Department of Dentomaxillofacial Radiology, Faculty of Dentistry, Ordu University, Ordu, Turkey.
Department of Prosthetic Dentistry, Faculty of Dentistry, Ordu University, Ordu, Turkey.
Clin Oral Investig. 2021 Oct;25(10):5735-5741. doi: 10.1007/s00784-021-03875-y. Epub 2021 Mar 11.
This study aims to compare the radiopacities of computer-aided design/computer-aided manufacture (CAD/CAM) blocks and the adhesive cements used for their bonding.
1 ± 0.2 mm thick specimens were obtained from six different CAD/CAM blocks (Incoris TZI, IPS e.max CAD, Vita Mark II, Cerasmart, Vita Enamic, and Vita Suprinity), four different adhesive resin cements (Panavia F2.0, Variolink Esthetic DC, RelyX Unicem Aplicap, G-CEM LinkAce), and a tooth.

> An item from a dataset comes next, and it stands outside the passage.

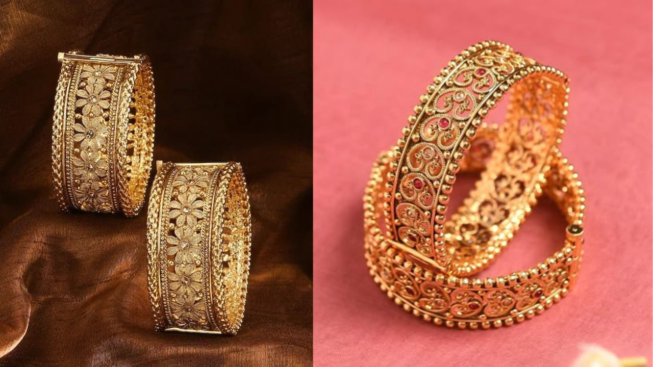 पुरानाी परंपरा में मॉडर्न ट्विस्ट जोड़ते हुए पेंच वाले कड़े चुनें, कलाई को सुंदर फिटिंग देने के साथ बहुत एलीट लगते हैं। कड़ा फूलों की नक्काशी पर है, सिल्क साड़ी या इंडो-वेस्टर्न के साथ पेयर करें। यह एक हैवी स्टेटमेंट पीस है जो जिसे पहन आप रानी से कम तो नहीं लगने वाली। 22kt Gold Bangle Price में इसे खरीदना थोड़ा महंगा है, ऐसे में एंटीक गोल्ड फिनिश और पॉलिश पर चुनें। जो जल्दी खराब नहीं होगा और हर ड्रेस के साथ बोल्ड क्लास देगा।

Radiographs of the specimens from each group, a tooth section, and an aluminum (Al) step-wedge were acquired. The radiopacity values of the materials were calculated as equivalents of Al thickness using the gray level values. The data were statistically analyzed using one-way ANOVA and Tukey HSD tests.
All the materials except Cerasmart and Vita Enamic had significantly higher radiopacity values than dentin (p < 0.05). Of the assessed blocks, the highest radiopacity value was observed in Incoris TZI, and the lowest radiopacity value was observed in Vita Enamic. Variolink Esthetic DC and RelyX Unicem Aplicap showed significantly higher radiopacity (p < 0.05) than the other adhesive cements, including enamel and dentin.
In this study, the majority of the CAD/CAM materials and all the adhesive resin cements were found to have sufficient radiopacity for prosthetic restorations according to the criteria set by the International Organization for Standardization (ISO).
From a clinical and biological point of view, materials should be chosen according to their radiopacity and other properties, such as biocompatibility and esthetics. If the selected restorative CAD/CAM blocks have a radiopacity value less than or equal to dentin, cements with higher radiopacity values are recommended to facilitate radiological diagnoses for periphery and interface of restorations.
本研究旨在比较计算机辅助设计/计算机辅助制造(CAD/CAM)块的射线不透性及其用于粘接的粘接剂。
从六种不同的 CAD/CAM 块(Incoris TZI、IPS e.max CAD、Vita Mark II、Cerasmart、Vita Enamic 和 Vita Suprinity)、四种不同的粘接树脂水门汀(Panavia F2.0、Variolink Esthetic DC、RelyX Unicem Aplicap、G-CEM LinkAce)和一颗牙齿中获得 1±0.2mm 厚的样本。获取每组样本、牙齿切片和铝(Al)台阶楔形片的射线照片。使用灰度值计算材料的射线不透性值,作为 Al 厚度的等效值。使用单向方差分析和 Tukey HSD 检验对数据进行统计学分析。
除 Cerasmart 和 Vita Enamic 外,所有材料的射线不透性值均显著高于牙本质(p<0.05)。在所评估的块中,Incoris TZI 的射线不透性值最高,Vita Enamic 的射线不透性值最低。Variolink Esthetic DC 和 RelyX Unicem Aplicap 的射线不透性显著高于其他粘接水门汀,包括牙釉质和牙本质。
根据国际标准化组织(ISO)设定的标准,本研究中大多数 CAD/CAM 材料和所有粘接树脂水门汀均具有足够的射线不透性,适用于修复体。
从临床和生物学的角度来看,应根据材料的射线不透性和其他特性,如生物相容性和美观性来选择材料。如果所选的修复 CAD/CAM 块的射线不透性值小于或等于牙本质,则建议使用射线不透性值更高的水门汀,以方便对修复体的外围和界面进行放射学诊断。